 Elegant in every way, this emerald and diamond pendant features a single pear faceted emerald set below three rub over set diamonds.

___

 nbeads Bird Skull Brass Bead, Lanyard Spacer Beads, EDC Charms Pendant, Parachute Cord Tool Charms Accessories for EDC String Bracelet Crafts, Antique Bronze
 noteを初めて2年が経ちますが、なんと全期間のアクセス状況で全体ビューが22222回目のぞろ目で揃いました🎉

___

Directions => In the entries above, please find the line with "nbeads Bird Skull" and the line with "noteを初めて2年が経ちま", then write out exactly those two lines and every line between them, and nothing more.

Task output =>
 nbeads Bird Skull Brass Bead, Lanyard Spacer Beads, EDC Charms Pendant, Parachute Cord Tool Charms Accessories for EDC String Bracelet Crafts, Antique Bronze
 noteを初めて2年が経ちますが、なんと全期間のアクセス状況で全体ビューが22222回目のぞろ目で揃いました🎉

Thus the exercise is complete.